Abstract

The crystal structure of khinite, Pb2+Cu32+ Te6+O6(OH)2, orthorhombic, a = 5.7491(10), b = 10.0176(14), c = 24.022(3) Å, V = 1383.6(4) Å3, space group Fdd2, Z = 8, Dcalc = 6.29 g/cm3, from the Empire mine, Tombstone, Arizona, USA, has been solved by direct methods and refined to R1 = 3.2% on the basis of 636 unique observed reflections. There is one distinct Te site occupied by Te and coordinated by six O atoms in an octahedral arrangement with a <Te–O> distance of 1.962 Å, typical of Te6+. There are three octahedrally-coordinated Cu sites, each of which is occupied by Cu2+ with <Cu–O> distances of 2.132, 2.151 and 2.308 Å, respectively. Each Cu octahedron shows four short meridional bonds (~1.95 Å) and two long apical bonds (2.46–2.99 Å) characteristic of Jahn-Teller-distorted Cu2+ octahedra. There is one distinct Pb site occupied by Pb and coordinated by six O atoms and two (OH) groups with a <Pb–O, OH> distance of 2.690 Å. TeΦ6 and CuΦ6 octahedra share edges and corners to form an [MΦ2] (where Φ = O, OH) layer of composition [TeCu3Φ8]. These layers stack along the c axis at 6 Å intervals with Pb atoms between the layers.
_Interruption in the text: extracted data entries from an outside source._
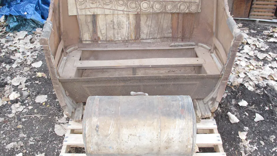 Rear body section from a teens Ford Model T touring car and a gasoline tank off of an early roadster or speedster.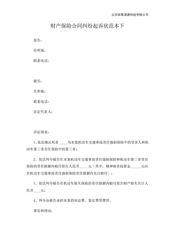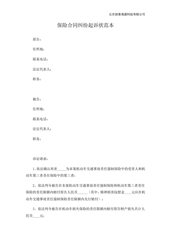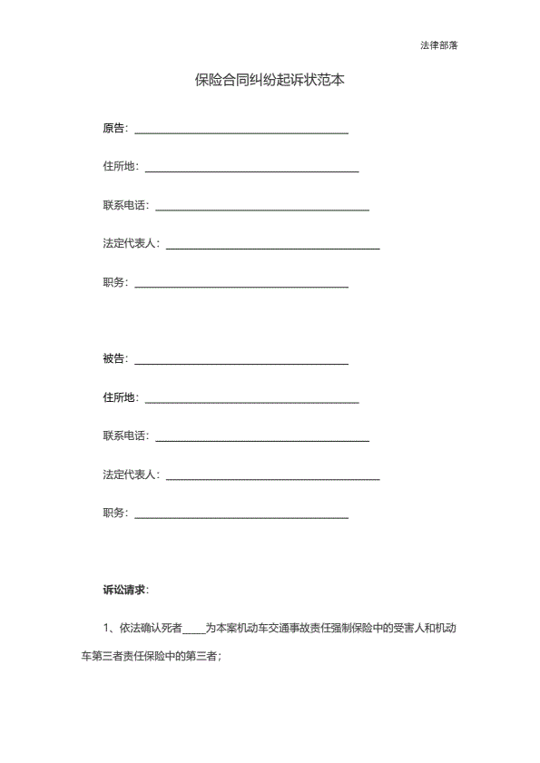 交通事故保险公司起诉状范本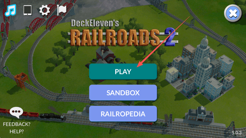 1、进入铁路帝国2(DeckEleven)点击中间的“PKAY”直接开始游戏。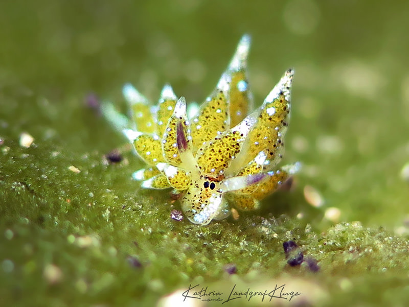 Focusing was initially the most challenging aspect of shooting with a diopter. You don’t have a huge depth of field with this setup, especially when zooming in to photograph the super tiny critters. So you have to focus really well. I remember one occasion during my first dive with this setup.... I was trying to get a picture of one of my favourite critters, a tiny Shaun the Sheep nudibranch. There was quite a surge and it was pushing me back and forth continuously… it was almost impossible to get this tiny critter into focus. My dive guide had a slate with him and wrote onto it ‘RELAX’! I laughed so hard that my mask flooded. I handed over my camera to let him try himself. And he had the same problems…. After the dive he told me that is was so difficult to get the tiny sheep nudibranch into focus because of the surge. But with enough practice I got better and became more relaxed with shooting super tiny critters. Sometimes you just have to be a bit patient!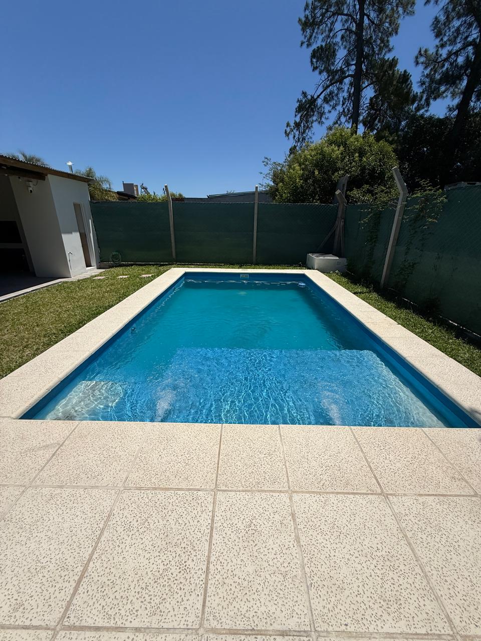 Amplia casa en Barrio Jardines de termas Daymán. Lugar tranquilo para disfrutar en familia. Espacios verdes con jardines, pérgolas, juegos de jardín(mesas, sillas, reposeras, sillones) Piscina de agua fría,de 8m de diámetro con ducha (se habilita a partir de noviembre a abril) con 3 dormitorios definidos con AC. 2 con camas de 2 plazas,otro con 2 de 1 plaza;más 2 marinera. Amplio living-comedor integrado a cocina con AC 2 baños Cámaras de seguridad en Exteriores Wifi TV cable Garage UTE aparte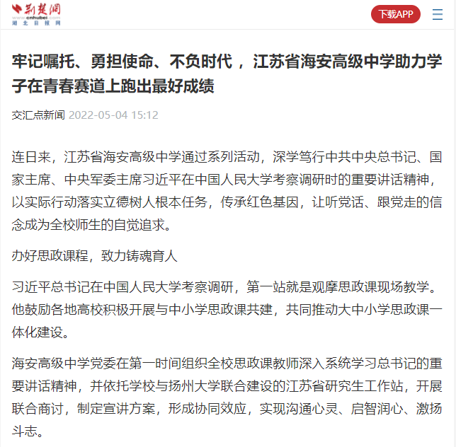 主流媒体聚焦海安中学深学笃行习近平总书记考察中国人民大学重要讲话精神系列活动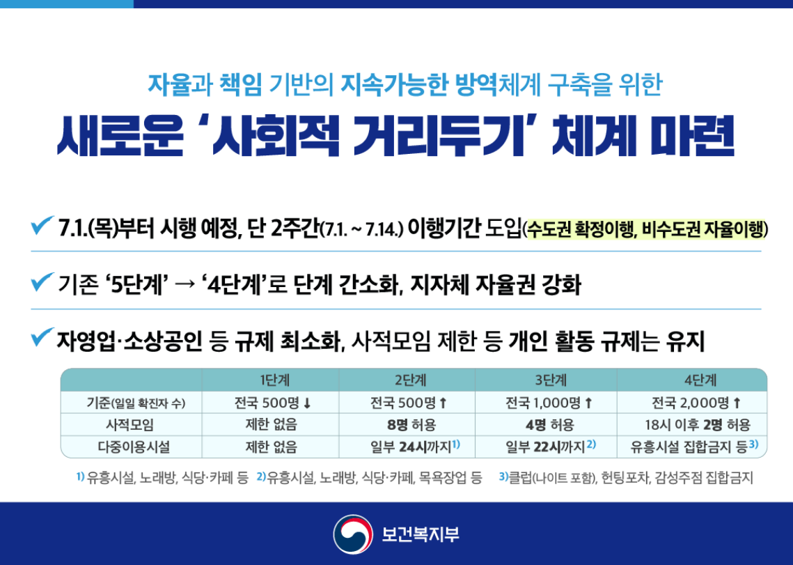 사회적 거리두기 개편안 발표, 백신 예방접종 완료자 인원 제외 ... from blog.kakaocdn.net 보건 복지부에서 6월 20일 새로운 거리두기 개편안을 발표했습니다. 정부가 7월 시행을 목표로 준비 중인 '사회적 거리두기' 개편안은 현행 거리두기가 종료되는 내달 4일 이후 본격적으로 적용될 것으로 보인다. 정부, 대체공휴일 확대 법안 난색…국회 내일 재논의. 다주택자에 대한 종부세 중과세율을 상향 조정하고. 국내축구 갤러리에서 관심을 가질만한 스포츠 경기 관람 부문에 대한 내용을 발췌합니다. 카피툰은 네이버웹툰 다음웹툰 카카오웹툰 레진코믹스 짬툰 투믹스 탑툰 만화책 미리보기 및 다시보기를 제공합니다. Please leave now for minors and those who are legally prohibited from accessing it. 이날 발표된 사회적 거리두기 개편안은 사적모임 인원 기준 완화, 다중이용시설 영업금지 최소화 등의 내용을 담고 있다.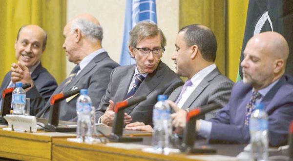 سلمت أمس بعثة الأمم المتحدة لدى ليبيا طرفي المفاوضات الدائرة في مدينة جنيف السويسرية الملاحق الخاصة باتفاق تشكيل حكومة وفاق وطني، بالتزامن مع ظهور حراك يدعو لإنشاء مجلس عسكري بقيادة الفريق خليفة حفتر القائد العام للجيش الليبي في حالة فشل المفاوضات، بينما تراجع رئيس الحكومة الانتقالية عبد الله الثني عن استقالة مفاجئة تقدم بها على الهواء مباشرة خلال مقابلة تلفزيونية.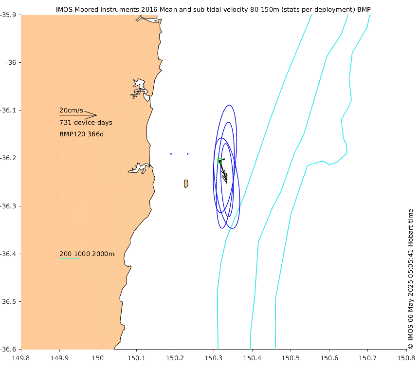 These maps show some basic analyses of the velocity data: mean (all-time in black and seasonal in colour) and sub-tidal variance for several layers and time-windows, and tidal harmonics for the depth-average velocity using the whole record. Click through to see more detailed plots of the selected dataset or to download those data from the AODN thredds server.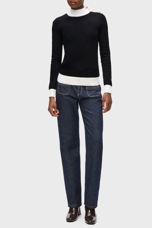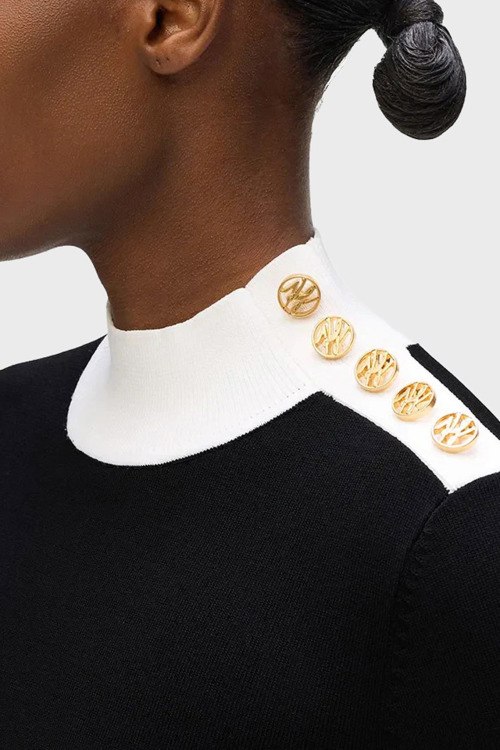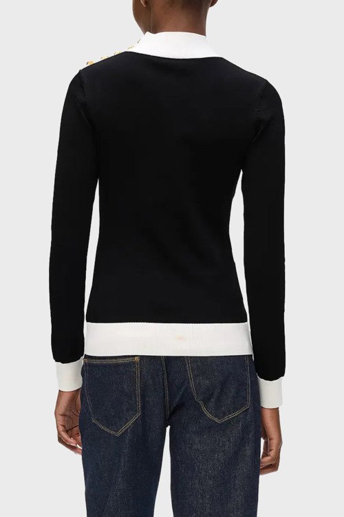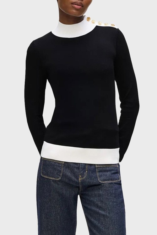 Детали: Женский черный трикотажный джемпер от Karl Lagerfeld (Карл Лагерфельд). Белые вставки, воротник-стойка, застежка на золотистые пуговицы на плече, классическая длина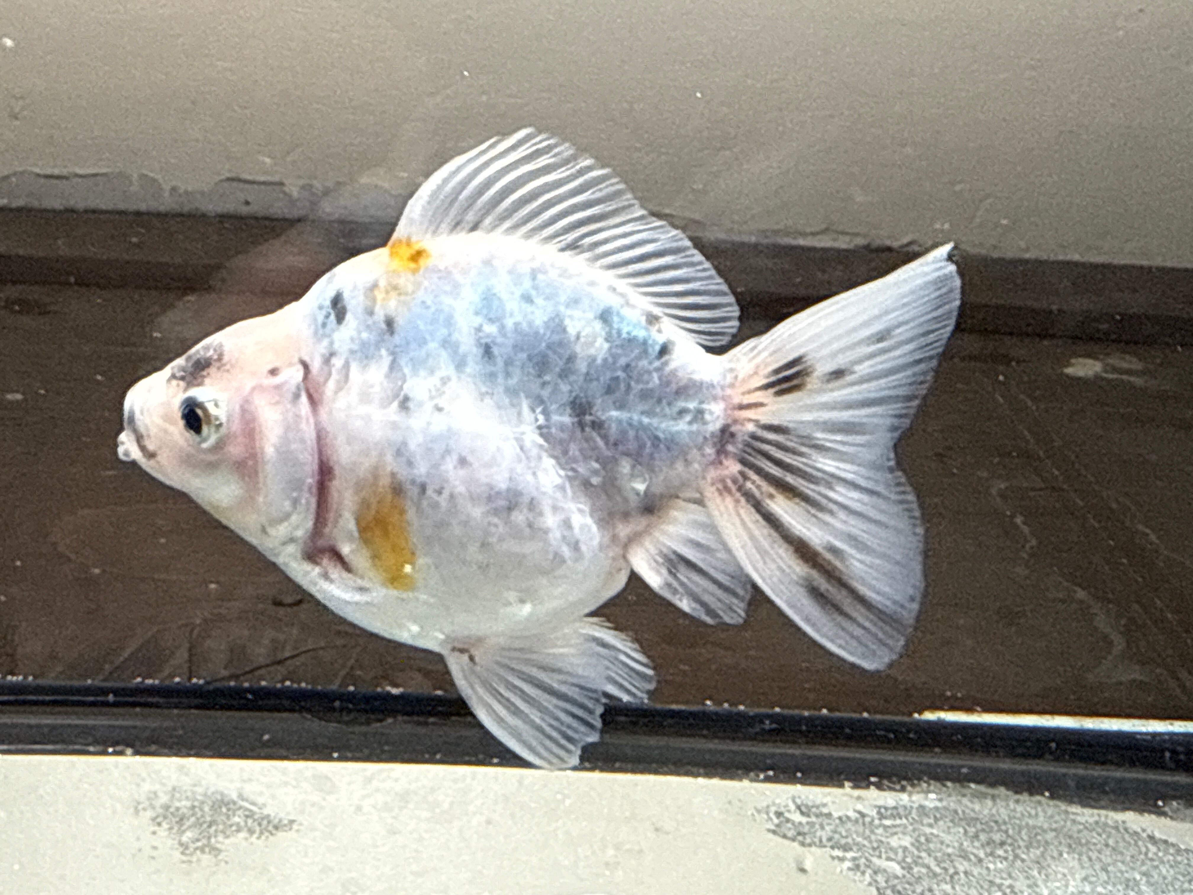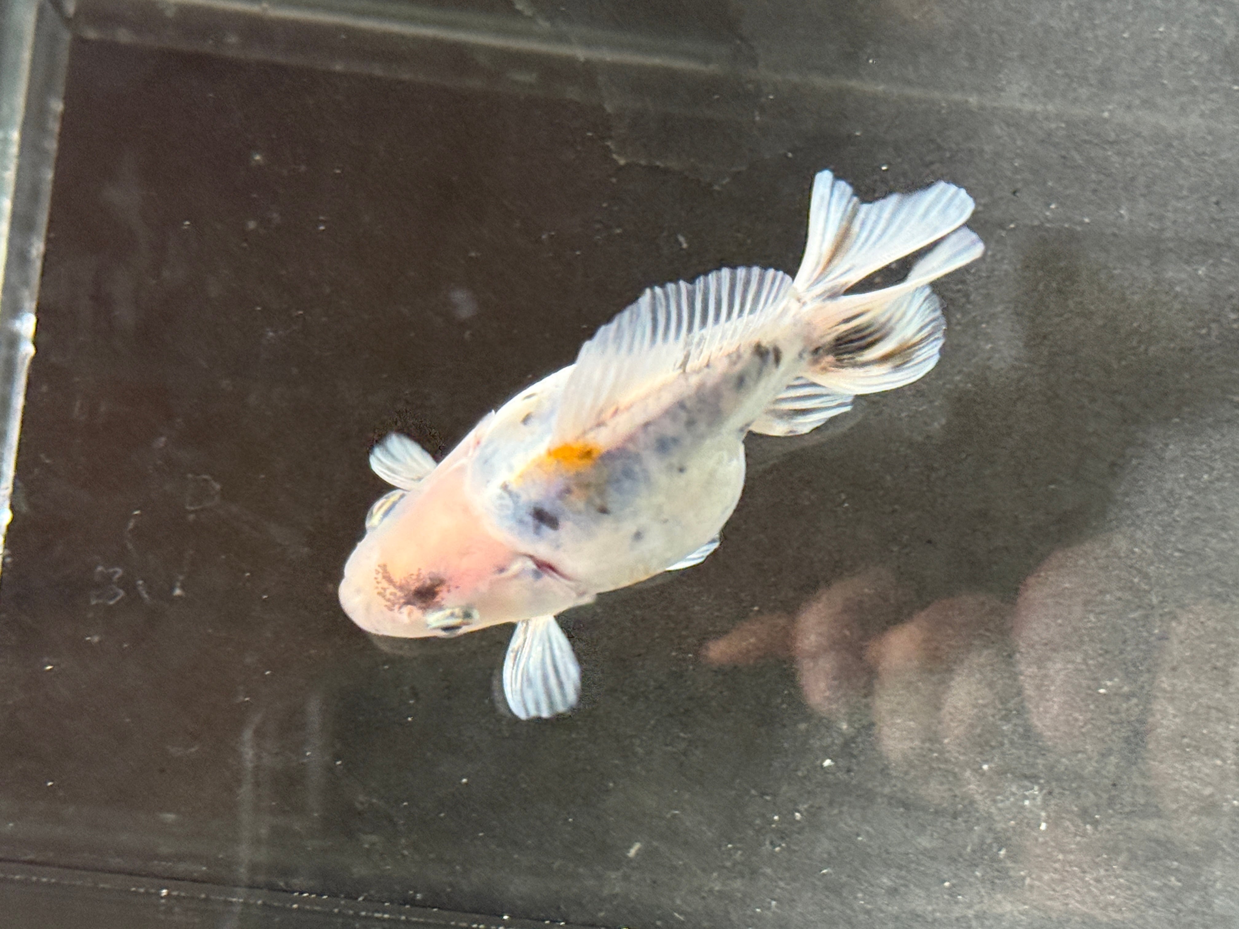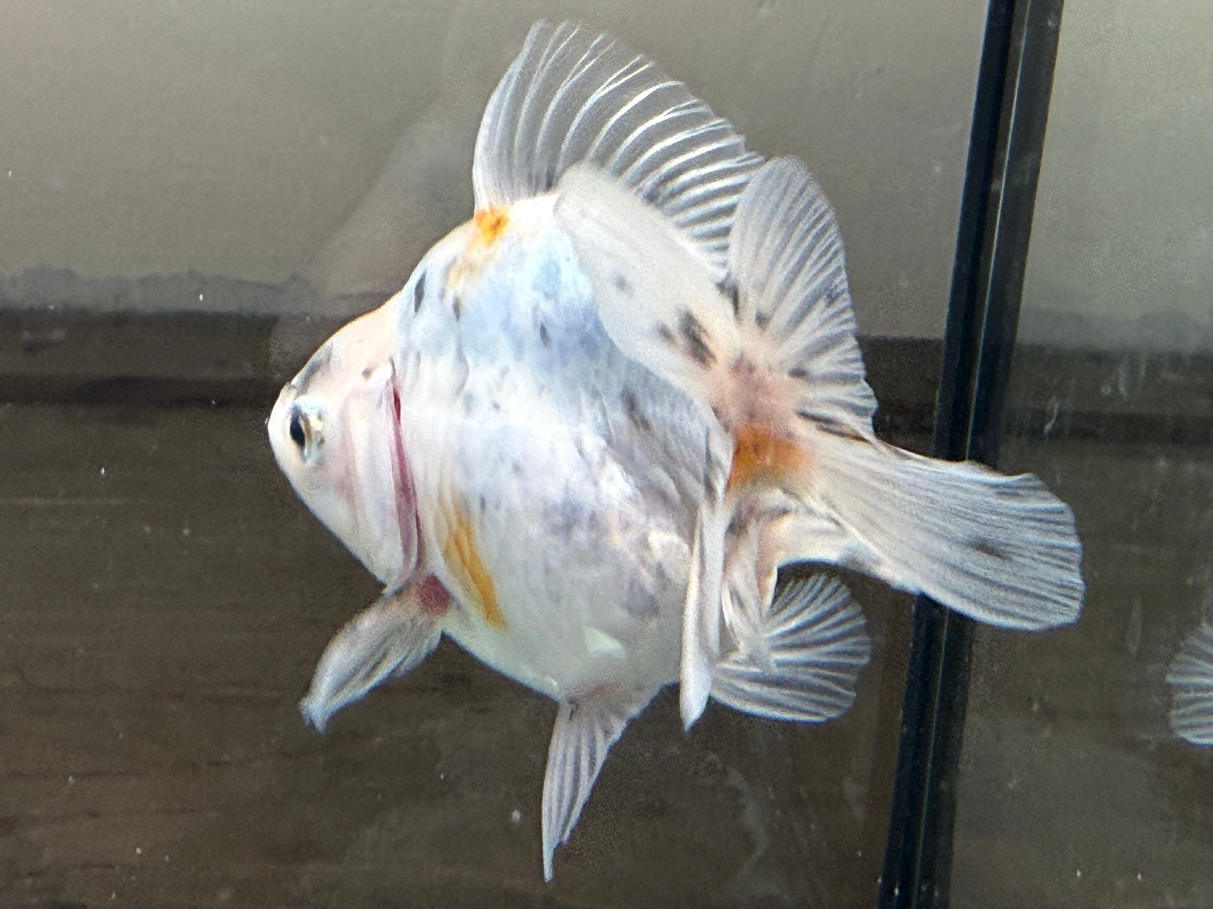 銀鱗は少なめですが、大変バランスの取れた入り方で美しい浅葱の体色に花を添えます。

Identical layers occur in the structure of parakhinite, Pb2+Cu32+ Te6+O6(OH)2, hexagonal, a = 5.765(2), c = 18.001(9) Å, V = 518.0(4) Å 3, space group P32, Z = 3, Dcalc = 6.30 g/cm3. It is only the relative stacking of the TeCu3Φ8 layers in the c direction that distinguishes the two structures, and hence khinite and parakhinite are polytypes.